Imagine being lucky enough to avoid fire while 1000s of homes burned down just to lose it to a mudslide. :/
Slope/earth movement is never covered by homeowner's insurance--always a stated exclusion (reason why the Palos Verdes homeowners in the slowly creeping slide area are demanding buyouts). The owner's only recourse would be to sue the property owner above for inadequate slope engineering/stabilization and prove that it was a pre-existing hazard/ticking timebomb prior to the recent fire and water application, which hastened the slope failure--this would likely be very tough to prove absent prior events indicating the slope was in danger of collapsing.
Ther remaining homes may be destroyed when the rains come...
That is the answer to anybody asking why don't they just clear away all the brush to minimize the chance of fires. Brush is needed to hold together the soil when heavy rains fall.
Los Angeles is done for 😢 i hope everyone can get the closure they need after this is done.
A big takeaway from all this is how poorly these houses have been built. You'd think in the middle of potential fires and mud slides they'd have been made out of bricks with re-enforcement. Instead it's timber and plastic. Developers have built them on the cheap in prime locations to make more money. Half theses houses would've survived with proper building regulations and skilled people building them.
Brick houses don’t survive either when the ground below them gives way or tons upon tons of muddy hillside crashes into them. They aren’t magical fortresses. There’s a reason you typically primarily see brick housing in the flatlands in the middle of the country where earthquakes aren’t a thing, and you don’t see brick houses near faultlines on the west coast. They tend to collapse rapidly when the ground starts rocking, as it does often in California.
Toothpicks and chewing gum.
I agree 👍 with the reporter that Karen bass and Gavin newsom have ruined los angeles
0:57 there's your clue as to why the area is so prone to fire. Everyone has huge vegitation growing all over and touching the house. Now I get it, the vegitation is nice, provides shade, wind break, atnosphere and privacy. But they have to get real considering the area. Less vegitation, and fire resistant roofs
I wanna know more about the children found inside the tunnels. How come nobody mentioned it on the news?
🎯😌
Child trafficking?
Maybe it is complete BS....? LOTS of that going around.
If that's true, we all know WHY it isn't being talked about.
Who dat Goonies
don’t live on or in hills !
Thank You Byron Kirkwood for keeping what remains safe. 🙏❤, be safe out there. God Bless You.
Not the best place to build a house
Blue house always survive thr fire
especially on our flat earth
What about all the water from all the fire fighting uphill from there?
This foreshadows the difficulties of reconstruction that will follow in the aftermath of the disaster, and for the work ahead, I think it is essential to prepare solar backup resources, such as Jackery generators.
Crazy they'll just rebuild in the same areas as if they didn't learn anything.
So do hurricane victims, so do people in flood prone areas, so do residents in earthquake regions: SO WHAT IS YOUR POINT?
That’s what you get for deforestation
Homeowner is now suing the fire department for the loss.
Imagine what will happen when it rains
Pray for Gaza . Palestine
Oh lord. Who they gonna blame now? So sorry.

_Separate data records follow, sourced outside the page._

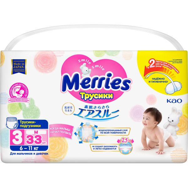 Подгузники-трусики Merries Меррис для детей Merries/Меррис р.M 6-11кг 33шт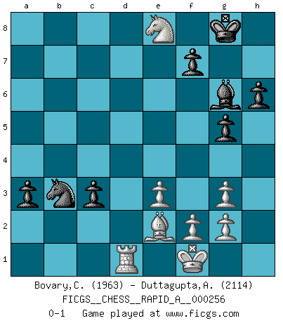 Last move : 0-1 2020 September 26 10:49:52 [Event "FICGS__CHESS__RAPID_A__000256"] [Site "FICGS"] [Date "2020.06.16"] [Round "1"] [White "Bovary,Charles"] [Black "Duttagupta,Aniruddha"] [Result "0-1"] [WhiteElo "1963"] [BlackElo "2114"] 1.d4 d5 2.c4 e6 3.Nc3 Nf6 4.Nf3 Bb4 5.cxd5 exd5 6.Bg5 h6 7.Bh4 O-O 8.e3 Bf5 9.Qb3 Bxc3+ 10.bxc3 Nbd7 11.Be2 c5 12.dxc5 Nxc5 13.Qb4 Rc8 14.O-O Re8 15.Rfd1 g5 16.Bg3 a5 17.Qa3 Nce4 18.c4 Qb6 19.Nd4 Bg6 20.Rdb1 Qc5 21.Qxc5 Rxc5 22.Rxb7 Nxg3 23.hxg3 dxc4 24.Rc1 c3 25.Rb5 Rc7 26.Kf1 a4 27.Rb6 Nd5 28.Rd6 Nb4 29.Nb5 Nxa2 30.Nxc7 Nxc1 31.Nxe8 a3 32.Rd1 Nb3 0-1 This chess game has been lost on time (started : 2020.06.16 21:15:6) QGD : Ragozin variation Kingside Castling by player Black (move 7) Kingside Castling by player White (move 14) Player Black won this chess game. Follow this game move after move (download)The game of Chess is not merely an idle amusement; several very valuable qualities of the mind are to be acquired and strengthened by it, so as to become habits ready on all occasions; for life is a kind of Chess. (Benjamin Franklin) Herr Iljumschinow ist ein etwas merkwürdiger Geschäftsmann: Er arbeitet zusammen mit Leuten wie Muammar al-Gaddafi; früher ist das Saddam Hussein gewesen. (Joel Lautier) Uno no tiene que jugar muy bien, es suficiente jugar mejor que el oponente. (Siegbert Tarrasch) Un footballeur joue avec ses pieds, parfois avec sa tête. Un joueur d'échecs ne joue qu'avec sa tête. Et quand il ne joue plus, il meurt. (Jacob Murray) Over-the-board chess is the favorite of mortals, correspondence chess is the favorite of the gods. (Eduard Dyckhoff)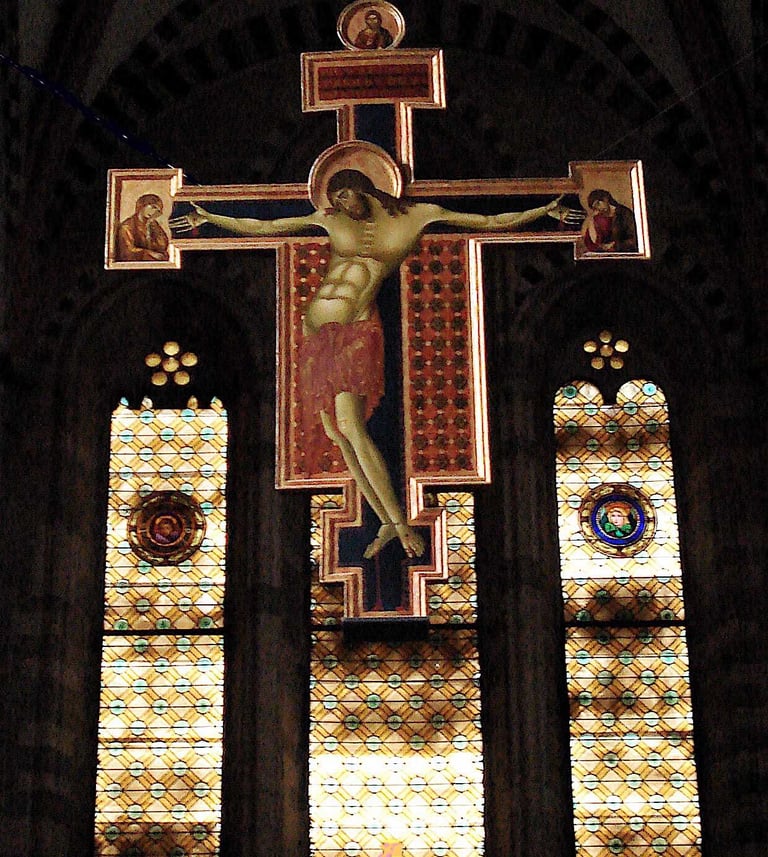 Photographs of Cimabue crucifix and early Renaissance Madonna taken by Victoria King in Italy.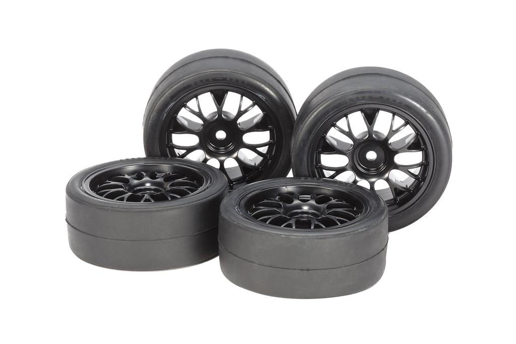 - На базе карданного привода 4WD TT-02 изготовлены корпус редуктора и амортизатор, изготовление которых требует некоторого времени и усилий, а шины уже приклеены к колесам, что обеспечивает быструю сборку.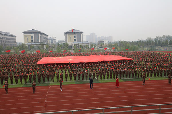 韦文联作军训动员讲话。他指出,今年是新中国成立70周年,在这样的背景下举行新生军训,意义显得尤为重大和特殊。开展新生军训是学校响应党的号召,落实兵役法、国防教育法的实际行动,也是学校坚持立德树人,开展国防教育,培养德智体美劳全面发展社会主义建设者和接班人的重要形式,同时也是同学们大学学习、生活的必要环节和必修课程。韦文联要求,要端正态度,积极投入军事训练,克服怕苦怕累的畏难情绪,以饱满的政治热情、高昂的精神状态积极投入到军训中来,出色完成训练任务。要严明纪律,锤炼过硬军事作风,以一名军人的标准要求自己,用铁一般的纪律磨砺品质作风,用钢一般的担当扛起新时代青年的历史使命。要通力协作,圆满完成军训任务,承训教官要严格执教、科学执教、文明执教,把部队的光荣传统、过硬作风传给同学们;各有关部门要加强配合,提升服务意识,努力做好军训期间学生的教育、管理、后勤服务和医疗保障等工作;要及时总结新生军训成果,深化军训改革,创新体制机制,优化条件保障,提高军事课程教学质量,不断提升我校军训工作规范化、科学化水平。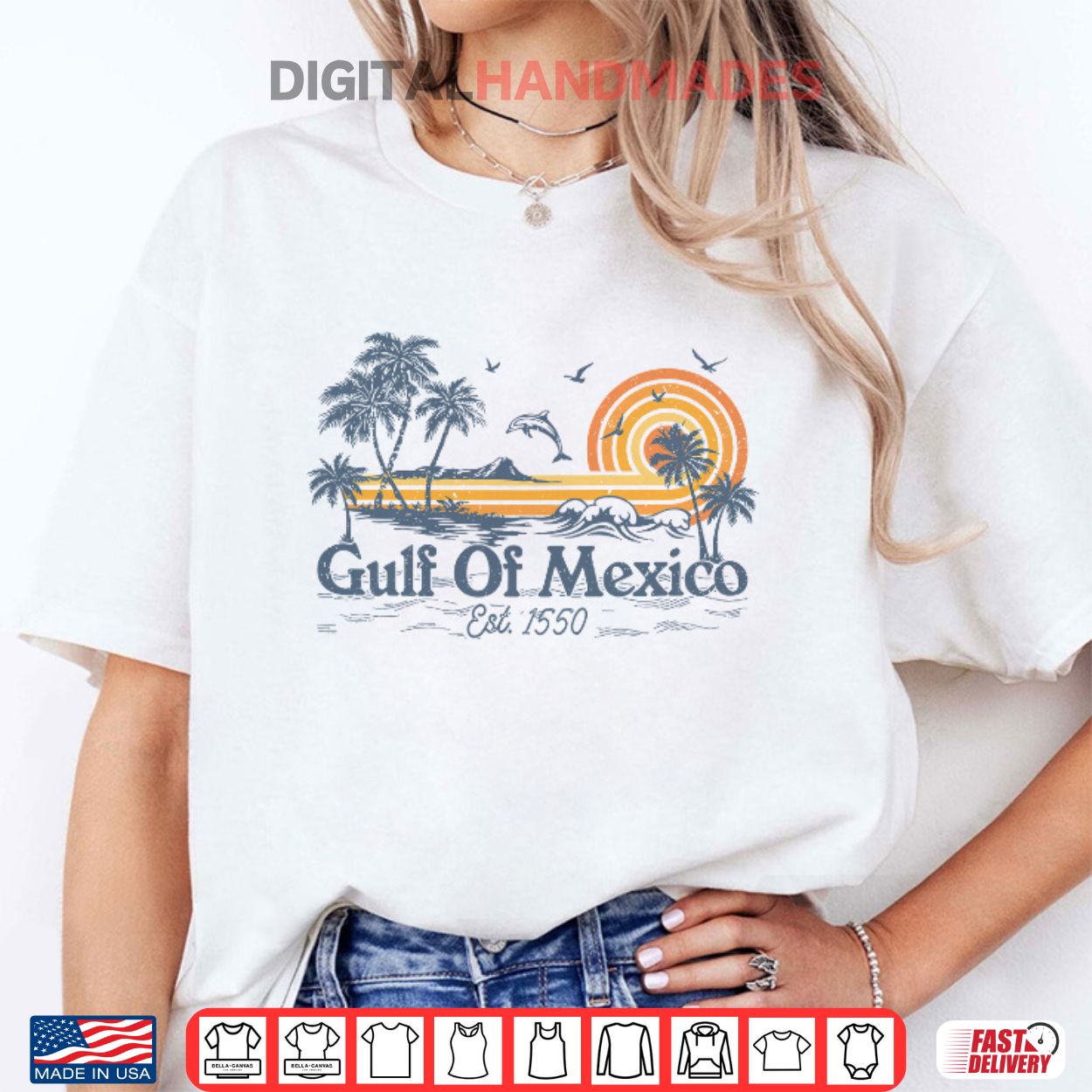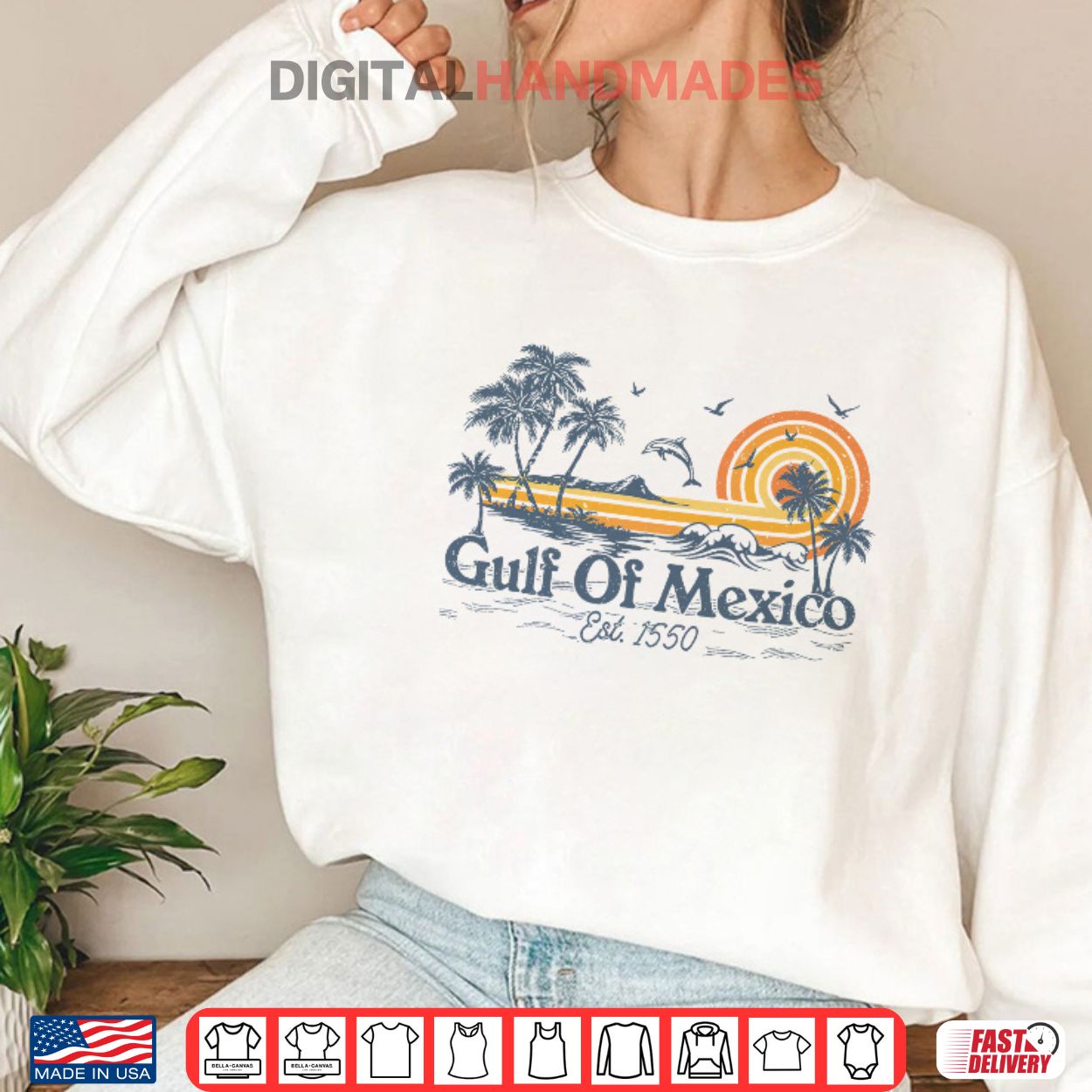 “Gulf of Mexico Estd 1550”: This directly references the Gulf of Mexico and the year it was reportedly first explored and mapped by Europeans. This emphasizes the long-standing historical identity of the region.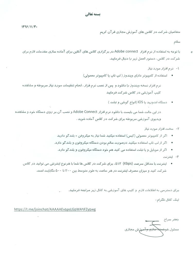 به اطلاع می رساند با توجه به تصویب برگزاری کلاس های مجازی آموزش قرآن کریم ویژه والدین مفاد و شرایط مورد نیاز جهت شرکت در کلاس ها حضورتان اعلام می گردد.
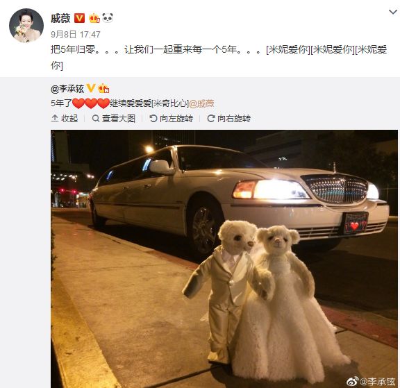 李承铉在五点二十七分发博庆祝,寓意“我爱妻”,配图车牌照上也标记了“i love 7”我爱戚。戚薇随后转发“让我们一起重来每一个5年”。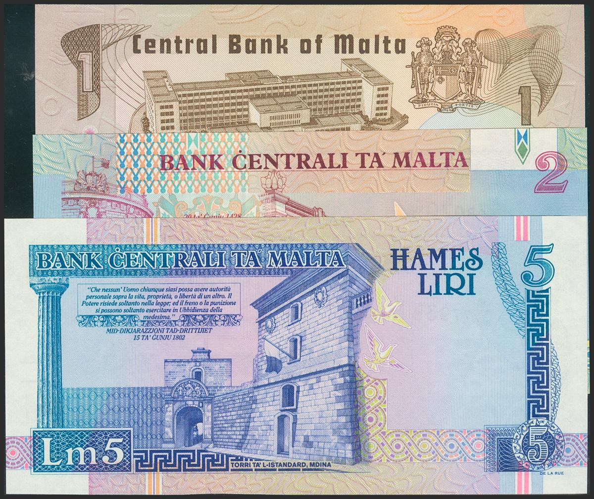 MALTA. Set of 3 banknotes: 1 Lira, 2 Liri, 5 Liri. 1979-1994. (Pick: 34b, 45d, 46d). Uncirculated.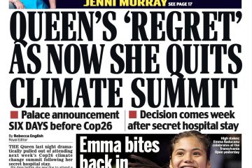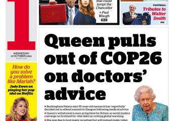 The Daily Mail splashes on how the Queen has pulled out of the COP26 summit, with the decision announced after a “secret hospital stay”, the newspaper claims.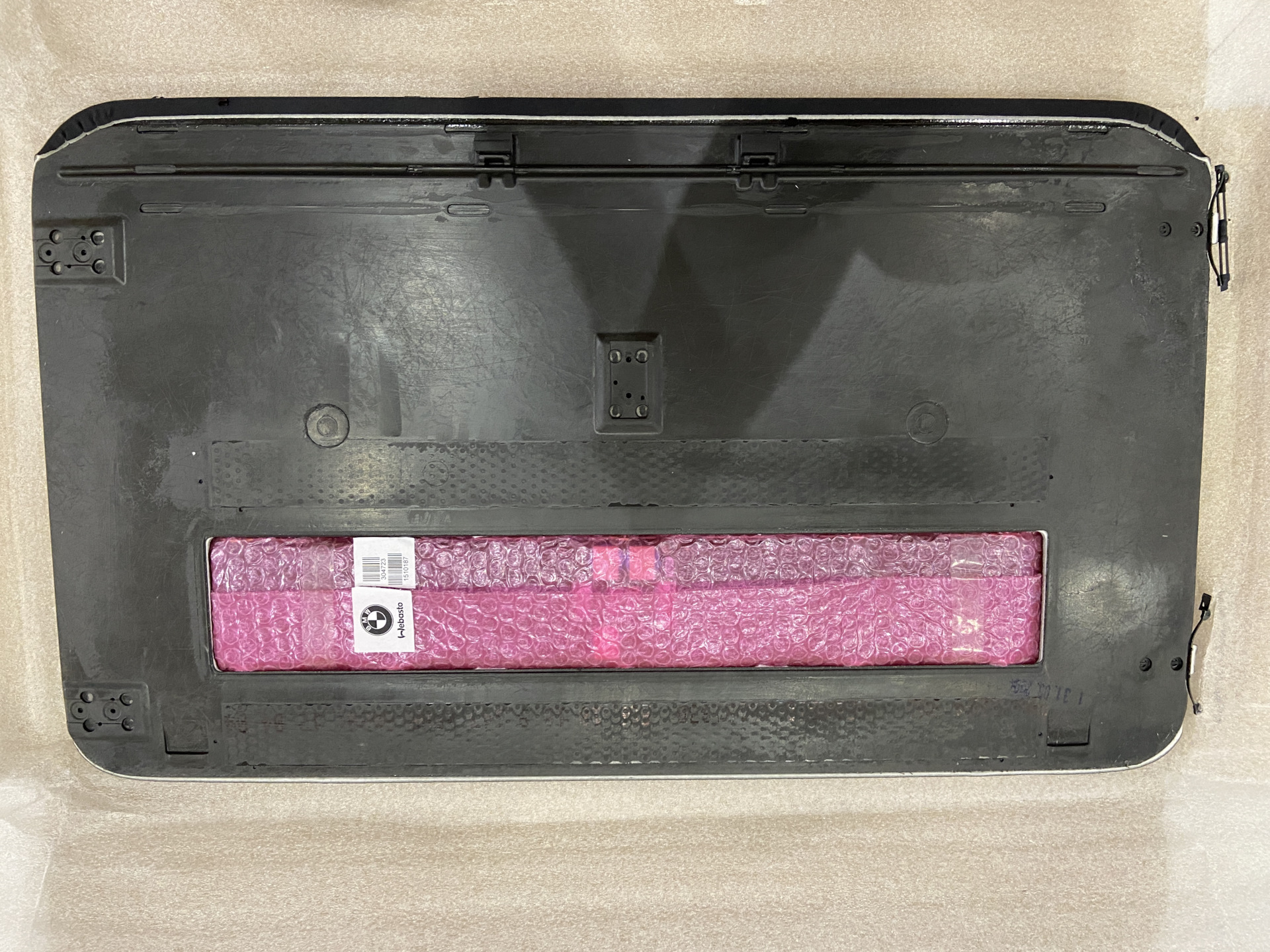 Состояние — абсолютно новый, со всеми необходимыми документами и инструкциями. В комплекте идет ДВЕ обшивки люка снизу — черная и бежевая (в зависимости от того, какой потолок на машине).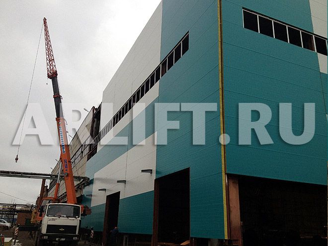 Наши объекты - Выксунский металлургический завод - горизонтальный монтаж стеновых сэндвич-панелей - Нижний Новгород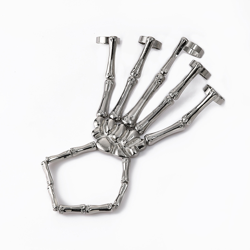 男生骷髅手链体育生S男M骨骼手指链型男网红舞蹈手模可调节手骨链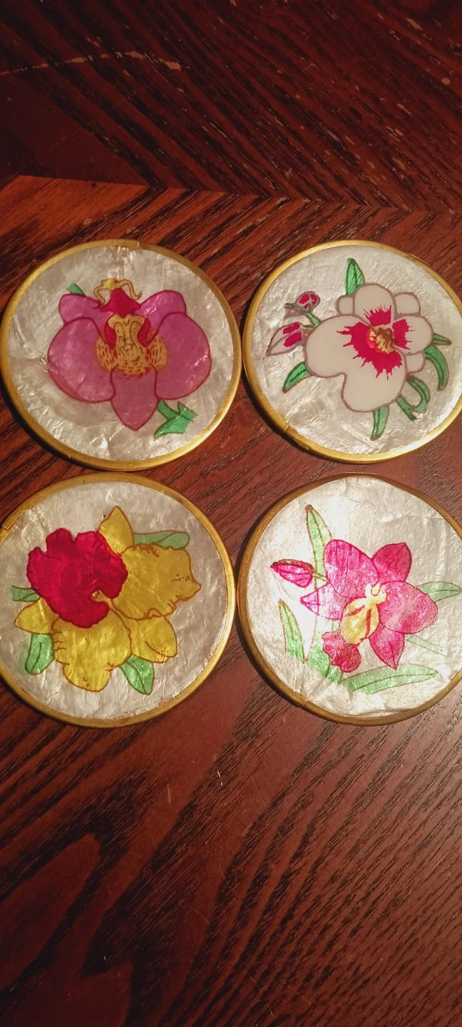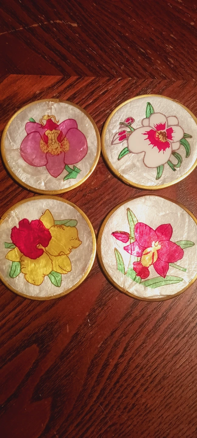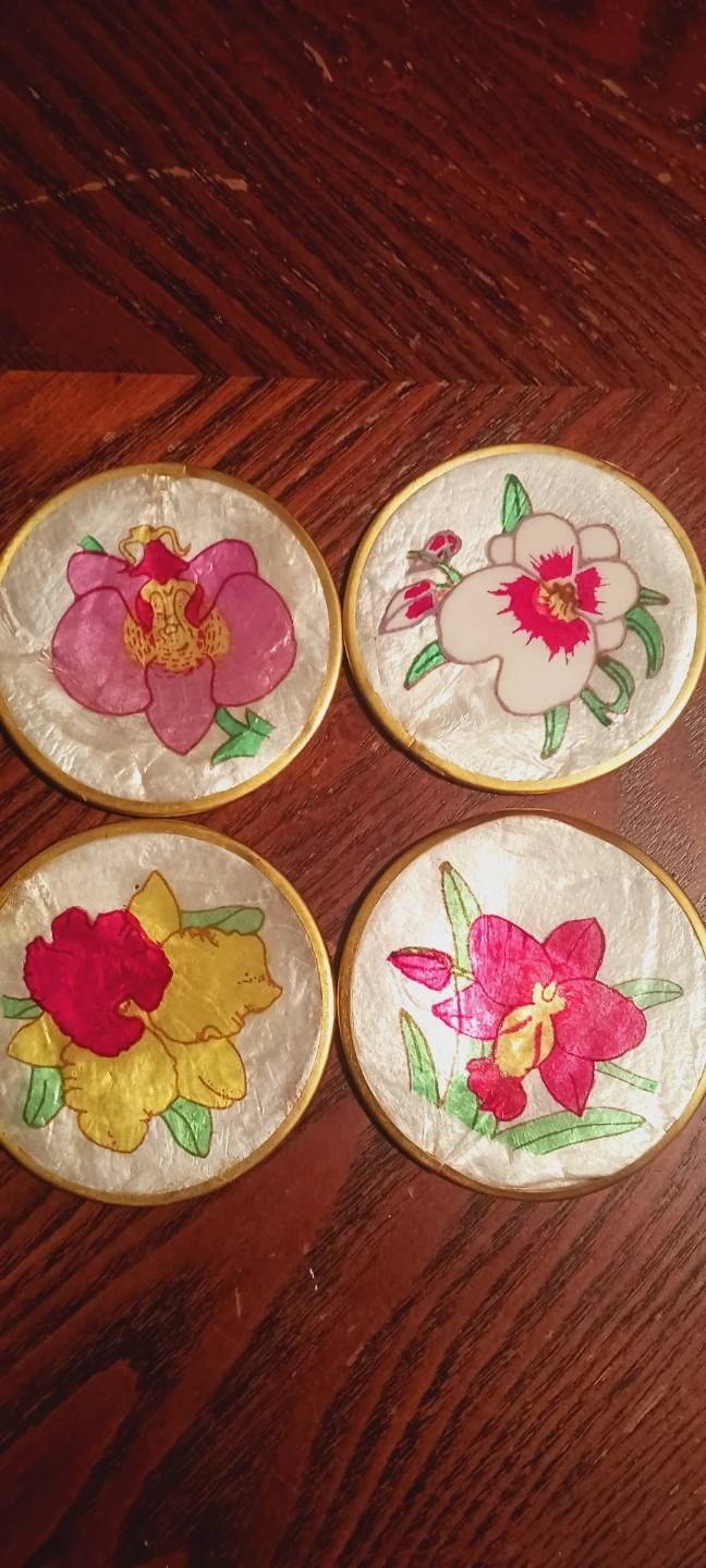 1000+NEW !! Beautiful Set of 4× Handcrafted in Philippines Coasters.Here's a set of four coasters, each with a different floral design. They have a pearlescent background and a golden rim. Perfect for adding a touch of nature to your coffee table. Handmade in Philippines. New !! Never been used. 3" diameter. ALL MY PRICES ARE NEGOTIABLE !!

Sad though this is, residents will be able to save most of their possessions, unlike those of the burnt houses.
these houses literally built on sand😂
The lady in pink looks like she time traveled from 1992.
الله اكبر، هذا عقابكم على تدمير و الاعتداء على غزة
Those mudslide have an annual relationship with the hills…BUT, I know: THEY WILL REBUILD. 😢😳
For profit Builders. Building homes in beautiful areas that are not safe to build.
We have 3 seasons. Fire season, rainy season, and mudslide season! We'll just wait till spring and see what's left.